The Google Maps Geocoder
is fast, free and allows up to 50,000 queries a day. Only a year or two ago this kind of web service was expensive, in my experience it cost $10,000-30,000 or more (as part of a mapping package) from products like microsoft mappoint.
A nice benefit of the google map geocoder is that it uses a single field value for the input query string. This means no cumbersome address, city, state and zip fields. Instead, I only need to provide one field for the user to type out their query. The Google Geocoder comes back with all of the data broken out so that I can store the address, city, state, zip, etc in the caching database. So given unstructured input from the user the system ends up with a standardized stored structure.

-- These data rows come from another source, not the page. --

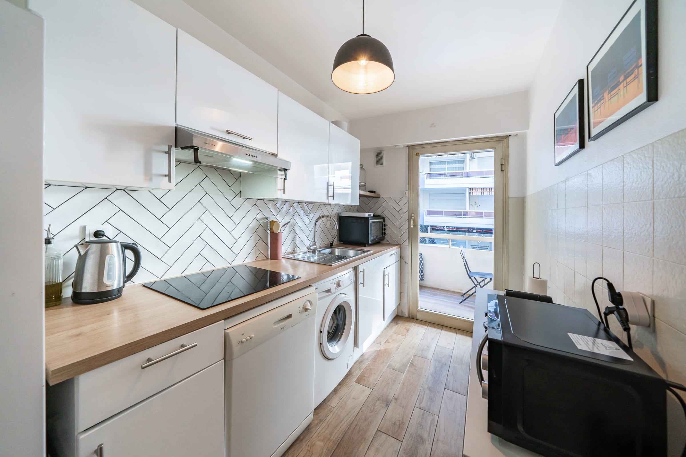 The flat consists of a separate bedroom with quality bedding, a pleasant and bright living room, a fully equipped kitchen designed for both short and long stays, and a modern bathroom with meticulous finishes. The whole flat has been carefully designed to ensure a smooth, calm and relaxing stay, while being at the heart of the bustling city of Cannes.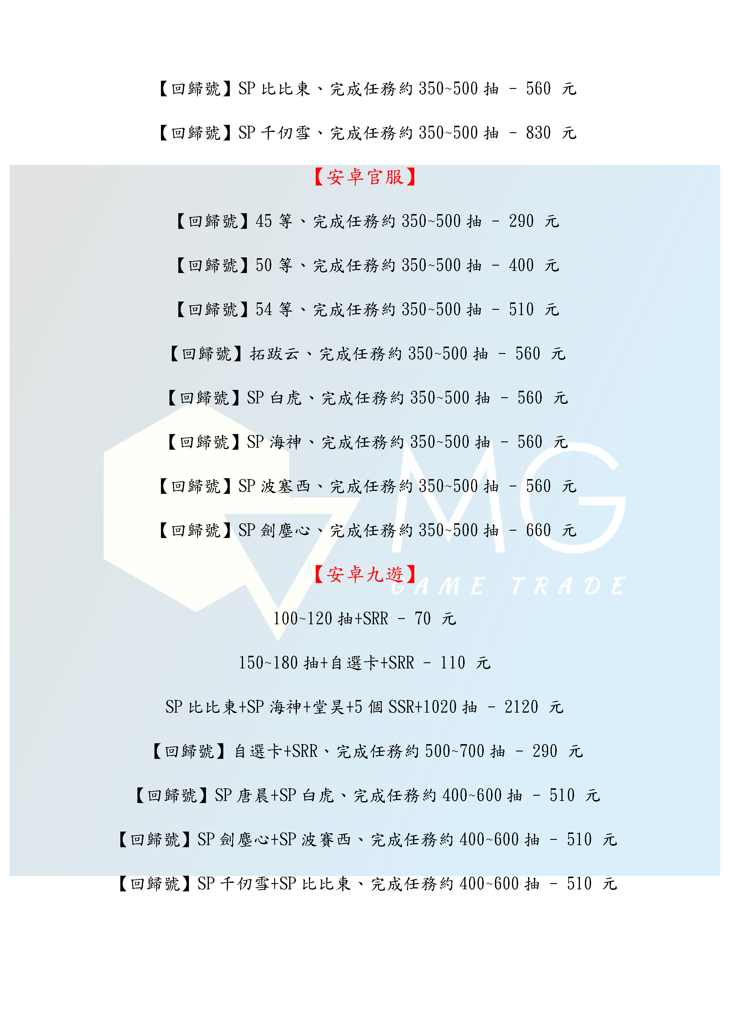 帳號 【初始號】 【MG數碼】 陸服 多抽號 多SSR號 初始號 自抽號 自選號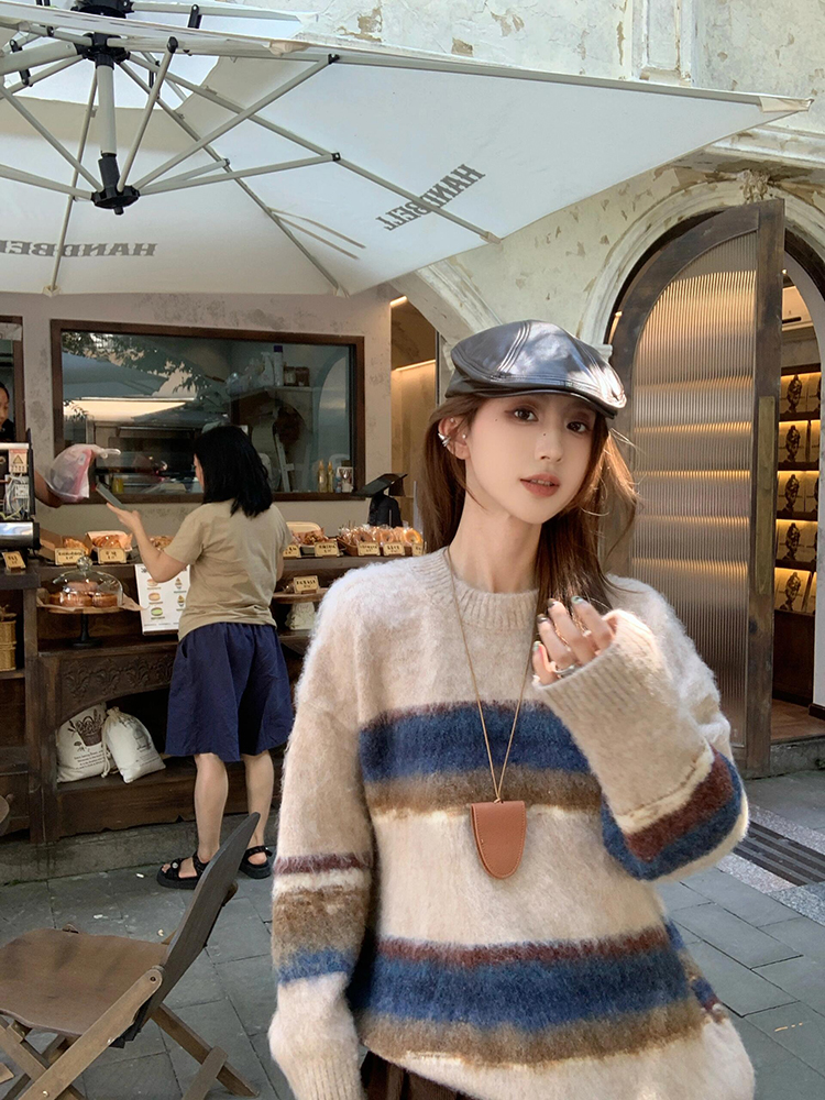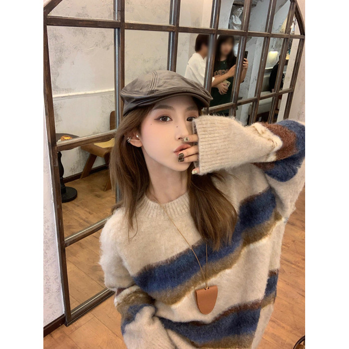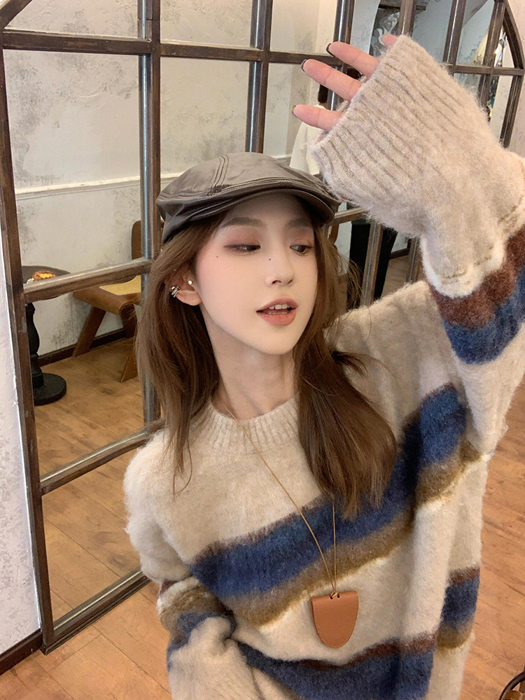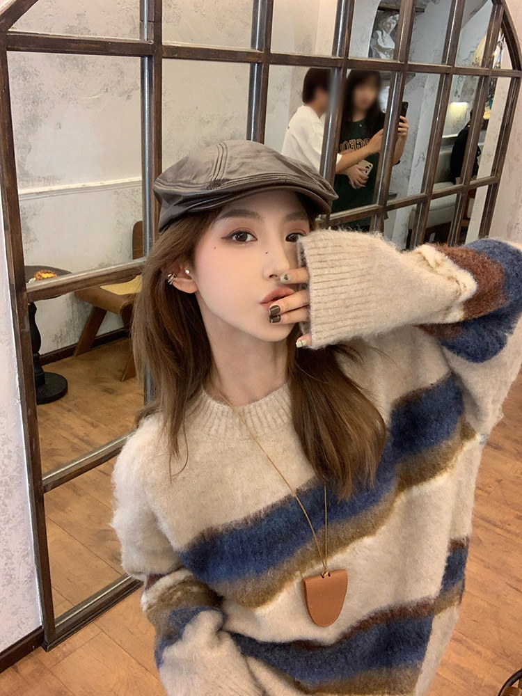 撞色條紋毛衣女秋冬軟糯慵懶松弛感復古韓系寬松針織衫上衣中長款

For this application I utilize a system of good/bad caching in front of the google map geocoding API call. It uses a mysql database to build tables of queries that it determines to be good and bad. So if someone enter in ‘XYZ’ this fails the google geocoder and is then stored in the bad cache table. When a new request comes in for ‘XYZ’ the value is found in the bad cache table and the system can determine a local result without proceeding to a (more costly) remote lookup. The Good cache works the same way except that the data returned from google is stored in the table as well as the initial user input.
This system seems to work well, is fast and free. The caching system is designed to grow stale after a period of time so that any value will be rechecked again later. I cannot imagine anysituation where this system would ever come close to 50,000 geocoding calls to google.
A fringe benefit of the caching is that we can track the number of geocoding requests for each location. We also utilize the location data throughout the application, attaching it to properties as well as users.